### Provided data ###
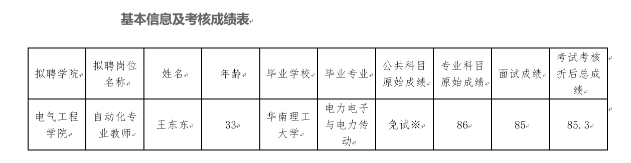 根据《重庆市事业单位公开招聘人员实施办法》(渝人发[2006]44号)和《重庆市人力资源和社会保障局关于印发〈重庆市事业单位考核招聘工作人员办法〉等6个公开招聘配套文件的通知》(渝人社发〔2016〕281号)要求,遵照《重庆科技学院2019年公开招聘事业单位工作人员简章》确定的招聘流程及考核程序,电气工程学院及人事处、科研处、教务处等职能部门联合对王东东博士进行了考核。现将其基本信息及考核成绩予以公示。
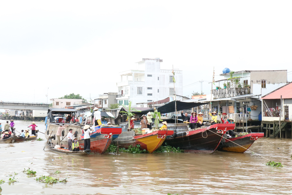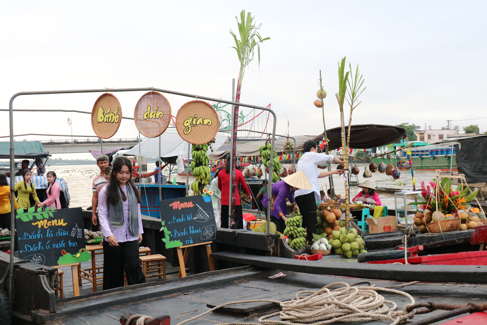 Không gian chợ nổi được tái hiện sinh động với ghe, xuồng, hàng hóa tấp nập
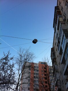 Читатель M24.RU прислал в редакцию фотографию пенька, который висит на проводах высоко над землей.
###
### Provided data ###
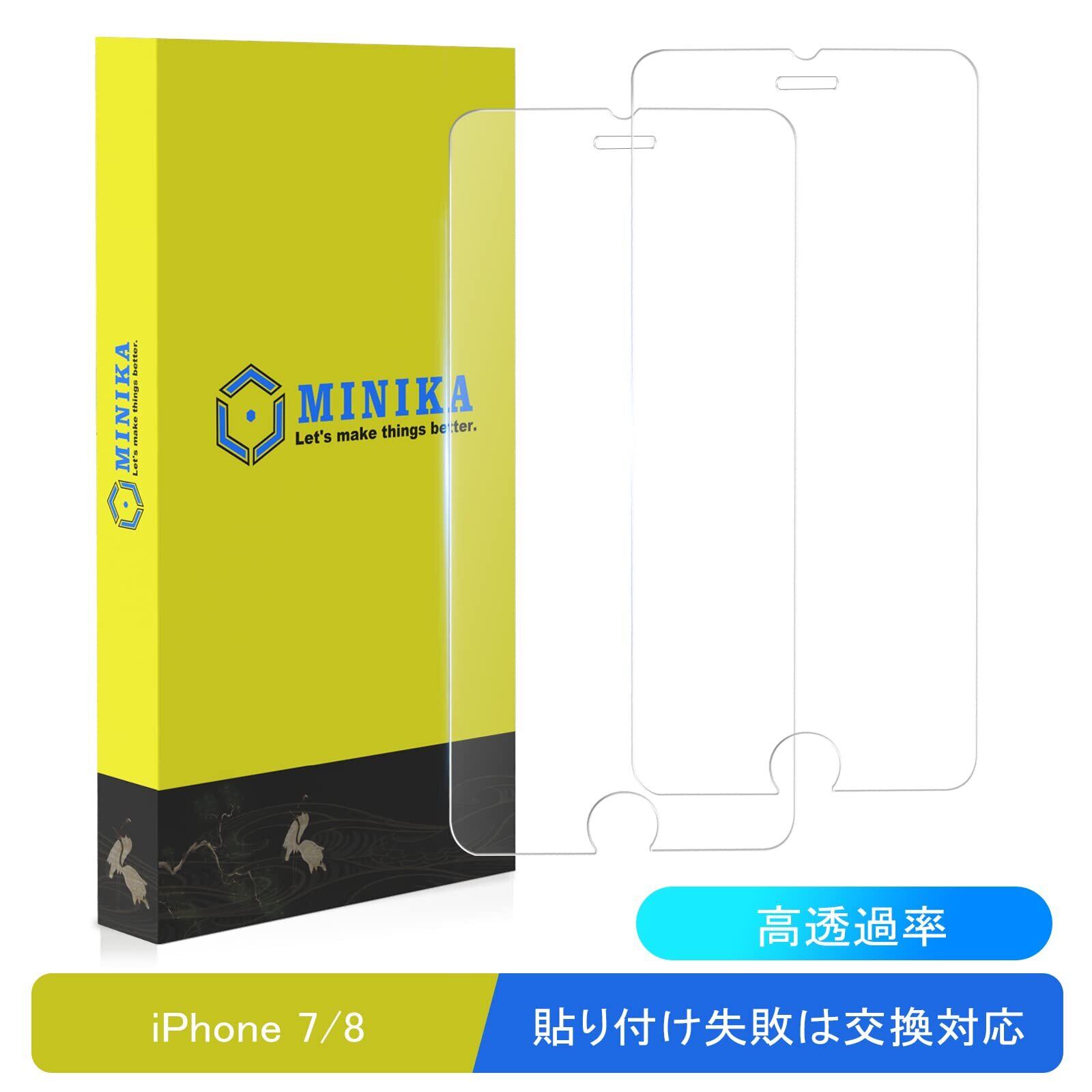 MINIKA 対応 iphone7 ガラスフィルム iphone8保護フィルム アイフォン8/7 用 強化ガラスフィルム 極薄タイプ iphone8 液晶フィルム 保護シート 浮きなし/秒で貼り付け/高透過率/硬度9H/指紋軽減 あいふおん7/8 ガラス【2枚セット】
###
### Provided data ###
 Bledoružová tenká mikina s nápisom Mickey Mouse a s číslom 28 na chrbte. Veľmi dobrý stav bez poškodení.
###
Go back to the lines above and output, exactly as they stand, the ones from the line containing "根据《重庆市事业单位公开招聘" to the line containing "Читатель M24.RU прислал". Leave all pictures behind.

 根据《重庆市事业单位公开招聘人员实施办法》(渝人发[2006]44号)和《重庆市人力资源和社会保障局关于印发〈重庆市事业单位考核招聘工作人员办法〉等6个公开招聘配套文件的通知》(渝人社发〔2016〕281号)要求,遵照《重庆科技学院2019年公开招聘事业单位工作人员简章》确定的招聘流程及考核程序,电气工程学院及人事处、科研处、教务处等职能部门联合对王东东博士进行了考核。现将其基本信息及考核成绩予以公示。
 Không gian chợ nổi được tái hiện sinh động với ghe, xuồng, hàng hóa tấp nập
 Читатель M24.RU прислал в редакцию фотографию пенька, который висит на проводах высоко над землей.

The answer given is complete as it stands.